Солдаты Вермахта. Подлинные свидетельства боев, страданий и смерти — страница 6 из 98

Поэтому относительные рамки солдата во время войны отличаются от любой роли в гражданской жизни безальтернативностью. Один из подслушанных солдат сформулировал это в разговоре со своими товарищами так: «Мы — как пулемет. Оружие для ведения войны» [26]. Что и с кем кто-то в качестве солдата когда-либо должен что-то делать — не подлежит собственному восприятию, оценке и решению; пространство в котором может толковаться приказ по собственной оценке и компетенции, чаще всего очень мало. В этом смысле ролевые части сильно отличаются от относительных рамок: их значение может быть исчезающе малым среди плюралистических условий гражданской жизни, или абсолютным в условиях войны или другой экстремальной ситуации. При этом составные части разных ролей в военном контексте могут наслаиваться, а именно в двух направлениях: компетентность геодезиста при ориентировании на местности может оказаться спасительной, и наоборот, знание гражданских профессий в контексте войны и массового уничтожения может оказаться смертельно опасным.

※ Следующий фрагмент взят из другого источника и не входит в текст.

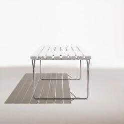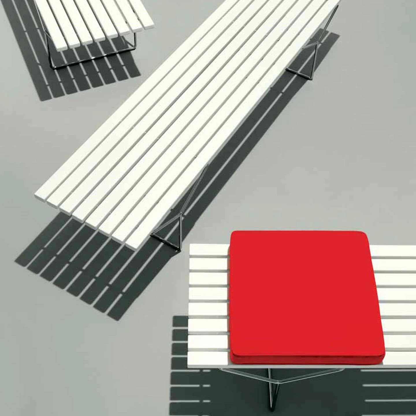 Designed in 1952, the slatted bench has been updated with modern materials. Acrylic stone is a mix of acrylic resin, aluminium hydroxide and natural pigments that ensures strength, water resistance and colour stability. Also available with teak slats; black or white Rilsan coated legs or stainless steel

Здесь можно подумать об инженере Курте Прюфере из эрфуртской фирмы «Топф унд Зёне», работавшем с большой энергией над проектом наиболее эффективных печей крематория для Аушвица, которые в свою очередь позволили повысить число ежедневно убиваемых [27]. О другом случае наслоения ролей сообщает одна женщина, работавшая стенографисткой-машинисткой при начальнике полиции без-опасности в Варшаве: «Когда в Варшаве застрелили одного или двух немцев, начальник полиции безопасности Хан приказал советнику криминальной полиции Штамму расстрелять определенное количество поляков. После этого Штамм отдал распоряжение девушкам в своей приемной принести подходящие документы из некоторых рефератов. Тогда в приемной выросла огромная кипа папок. Если, например, там лежало сто дел, а расстрелять должны были только 50 человек, то кто будет расстрелян, зависело от усмотрения дам в приемной, от того, какие дела они вытащат. Иногда бывало, что делопроизводитель из реферата прибавлял: «Этого и вот этого в расход, чтобы грязи было поменьше». Такие выражения можно было услышать очень часто. Я ночами напролет не могла уснуть от мысли о том, что от дам в приемной зависит, кто будет расстрелян. Так, например, одна из них сказала другой: «Ах, Эрика, кого нам еще взять? Вот этого, или вон того?» [28]

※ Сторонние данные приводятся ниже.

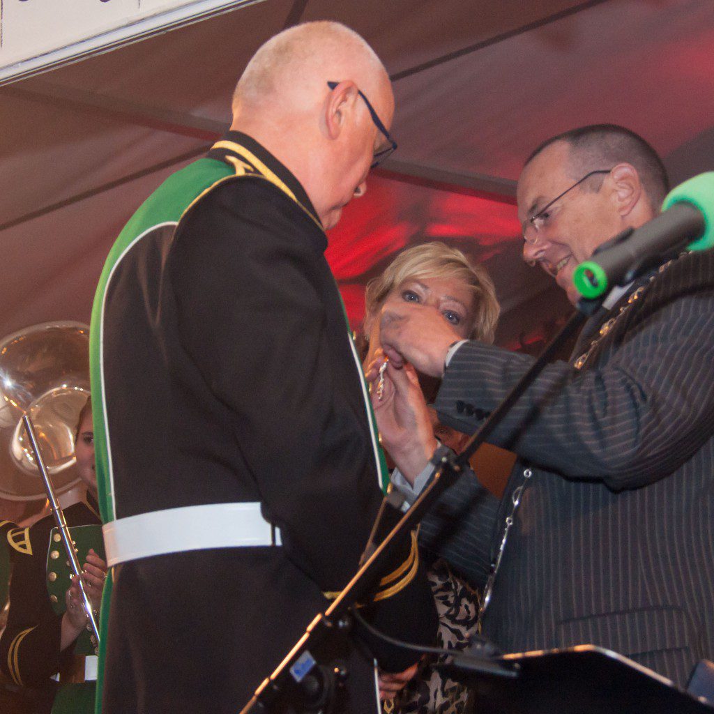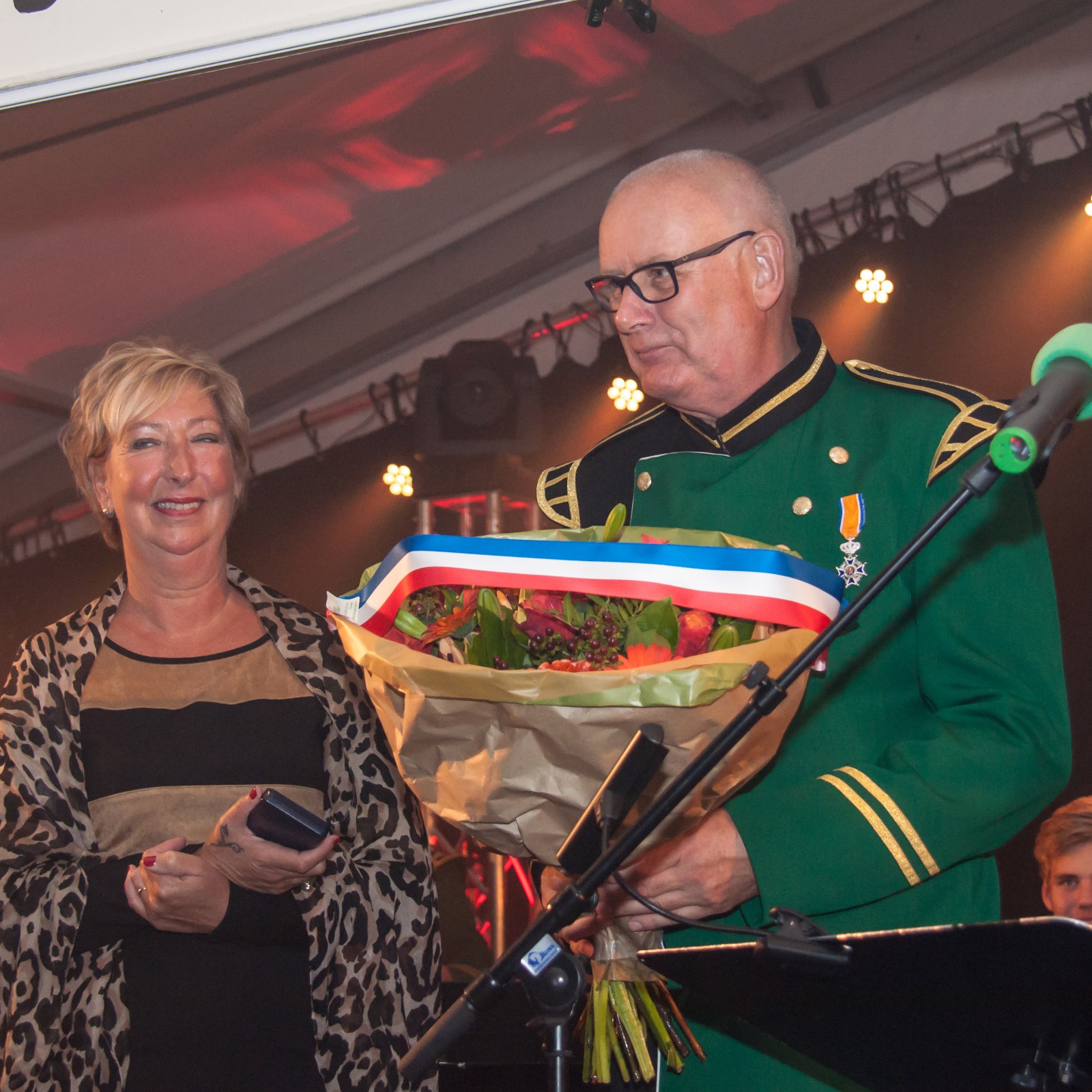 Tijdens de uitvoering van Groessen in Concert op zaterdag 1 oktober is Wim Holland, voorzitter van KDO, koninklijk onderscheiden. Hij ontving deze onderscheiding voor zijn grote maatschappelijke verdiensten. Wim is 27 jaar bestuurslid van Showband KDO, waarvan ruim 17 jaar voorzitter. Daarnaast is hij 25 bestuurslid van Stichting Organisatie Evenementen K.D.O. Groessen, de organisatie die al 25 jaar tekent voor Feestweek Groessen. Wim Holland wordt vooral geroemd om zijn verbindend vermogen. Tijdens zijn bestuurders schap is KDO enorm gegroeid, zowel in ledenaantal als in niveau. Het valt tijdens zo’n groeispurt niet mee om altijd alle neuzen dezelfde kant op te krijgen maar Wim is een meester in het creëren van teamgeest. Hij is een mensenmens die oprecht en persoonlijk belangstelling heeft in lief en leed van leden en familie van leden. Zijn verbindend vermogen komt ook in uitdrukking in de uitstekende onderlinge verhoudingen van de drie Groessense muziekverenigingen. Die verhoudingen zijn beter dan ooit tevoren en dat is een grote verdienste van Wim Holland maar natuurlijk zijn de bestuurders van die andere verenigingen daar eveneens debet aan. Ook dankzij zijn niet aflatende inzet wordt dit jaar Feestweek Groessen georganiseerd. Een evenement met een grote regionale uitstraling.

Невинная сама по себе деятельность может вдруг стать убийственной, если изменятся ее относительные рамки. Еще Рауль Хильберг указывал на этот потенциал исполнения, основанного на разделении труда: каждый сотрудник полиции порядка мог «быть надзирателем гетто или железнодорожного эшелона. Каждому юристу Имперского управления безопасности могло быть поручено руководство айнзацгруппой, каждый делопроизводитель финансовой части главного административно-хозяйственного управления рассматривался естественным кандидатом на службу в лагере уничтожения. Другими словами, все необходимые операции выполнялись силами имеющихся в распоряжении кадров. Где бы ни намеревались провести разделительную линию активного участия, всегда машина уничтожения представляла примечательную репрезентативную выборку немецкого населения» [29]. Если перенести сказанное на войну, то это значит, что каждый механик мог ремонтировать самолеты, которые своим смертоносным грузом убивали тысячи людей, каждый мясник, работавший на предприятиях снабжения, участвовал в разграблении оккупированных территорий. Пилоты Люфтганзы на пассажирских самолетах FW200 во время войны тоже участвовали в дальних полетах, но на этот раз не для перевозки пассажиров, а для того, чтобы топить в Атлантике британские торговые суда. Поскольку деятельность сама по себе не изменилась, носители ро-лей, как правило, не имели повода задумываться о моральной стороне дела или, например, отказываться от своей работы. Она же осталась прежней.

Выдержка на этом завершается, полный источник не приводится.